**TASK INSTRUCTIONS:** Would you return exactly the lines below from the line with "Confira abaixo as" through the line with "The Consumers Association", both included, and nothing else, leaving out the pictures?
══ DATASET ══
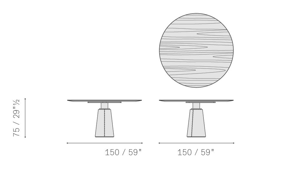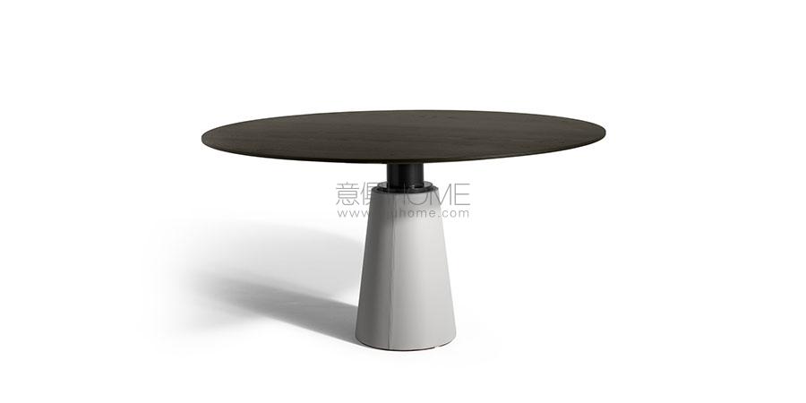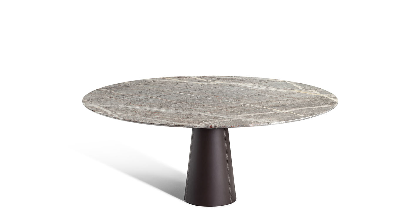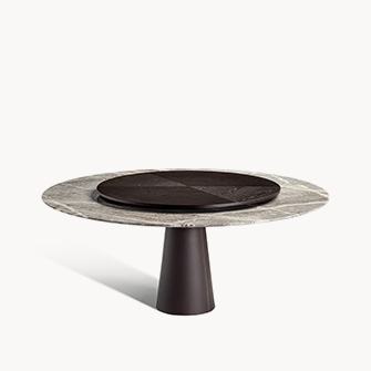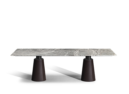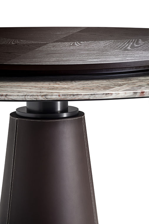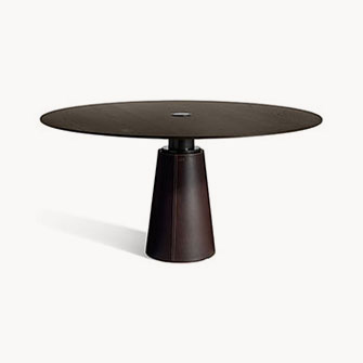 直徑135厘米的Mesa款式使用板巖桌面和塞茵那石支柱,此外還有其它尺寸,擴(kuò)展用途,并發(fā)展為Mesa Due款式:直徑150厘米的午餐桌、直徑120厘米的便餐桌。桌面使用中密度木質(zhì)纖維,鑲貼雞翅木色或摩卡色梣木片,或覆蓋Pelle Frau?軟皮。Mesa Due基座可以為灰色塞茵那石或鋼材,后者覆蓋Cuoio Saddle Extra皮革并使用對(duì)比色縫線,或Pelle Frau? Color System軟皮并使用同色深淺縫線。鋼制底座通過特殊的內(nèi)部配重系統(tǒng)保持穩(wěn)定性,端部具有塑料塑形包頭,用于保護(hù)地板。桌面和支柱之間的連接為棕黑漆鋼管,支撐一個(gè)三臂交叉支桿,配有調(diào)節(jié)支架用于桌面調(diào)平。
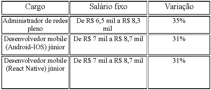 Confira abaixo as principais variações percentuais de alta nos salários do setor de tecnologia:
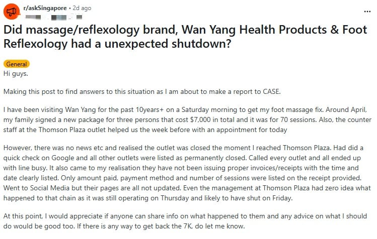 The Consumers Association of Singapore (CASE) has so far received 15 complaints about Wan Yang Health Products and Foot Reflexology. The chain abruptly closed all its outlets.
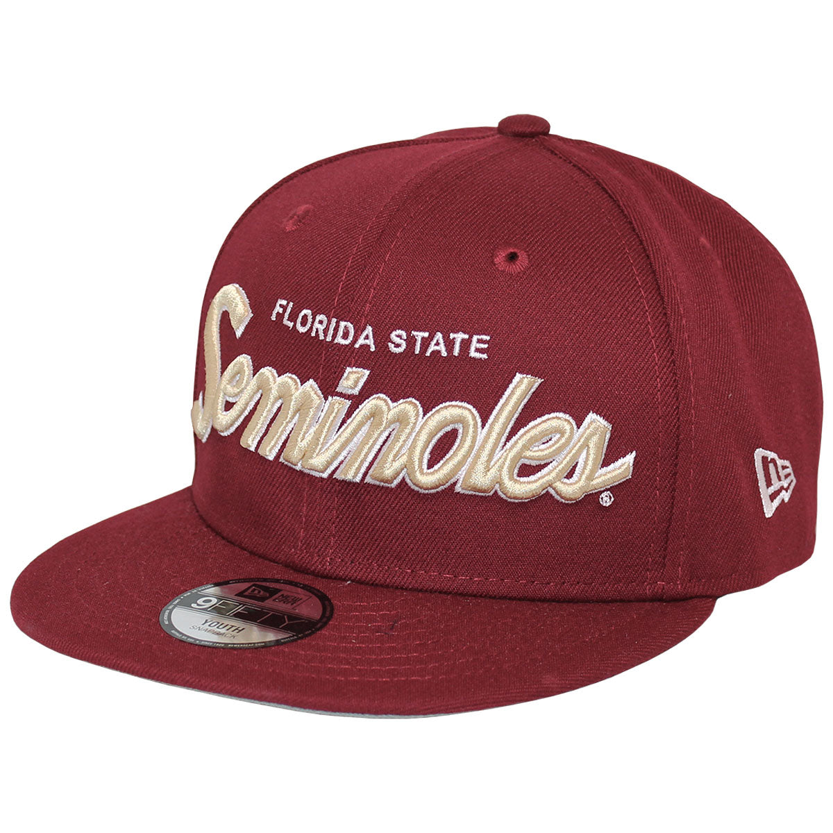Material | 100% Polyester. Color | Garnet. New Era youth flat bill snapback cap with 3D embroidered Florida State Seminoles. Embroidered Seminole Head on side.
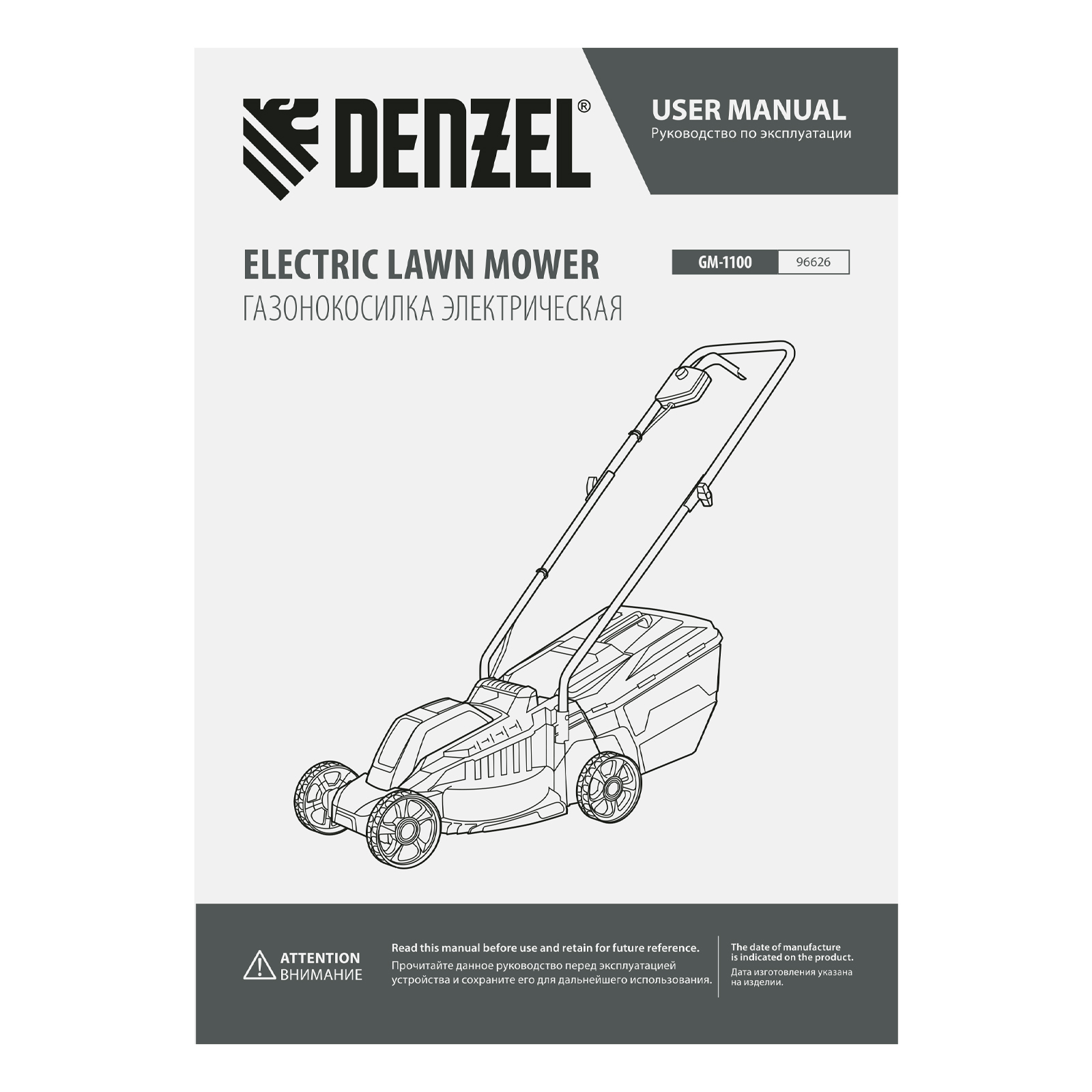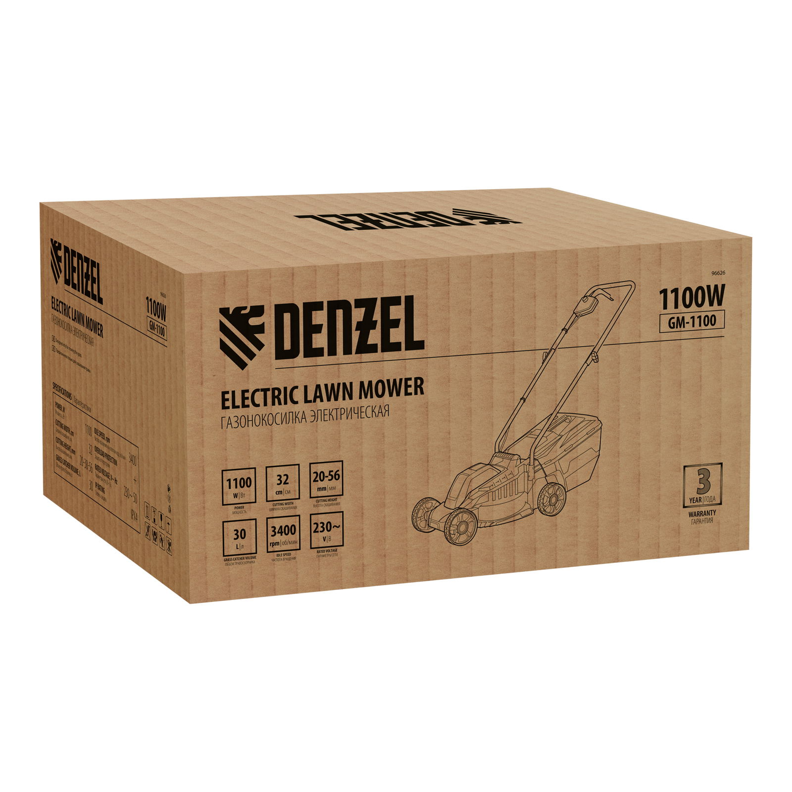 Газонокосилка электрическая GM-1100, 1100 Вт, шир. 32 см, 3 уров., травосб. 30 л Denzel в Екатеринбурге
═══
**EXERCISE RESPONSE:**
 Confira abaixo as principais variações percentuais de alta nos salários do setor de tecnologia:
 The Consumers Association of Singapore (CASE) has so far received 15 complaints about Wan Yang Health Products and Foot Reflexology. The chain abruptly closed all its outlets.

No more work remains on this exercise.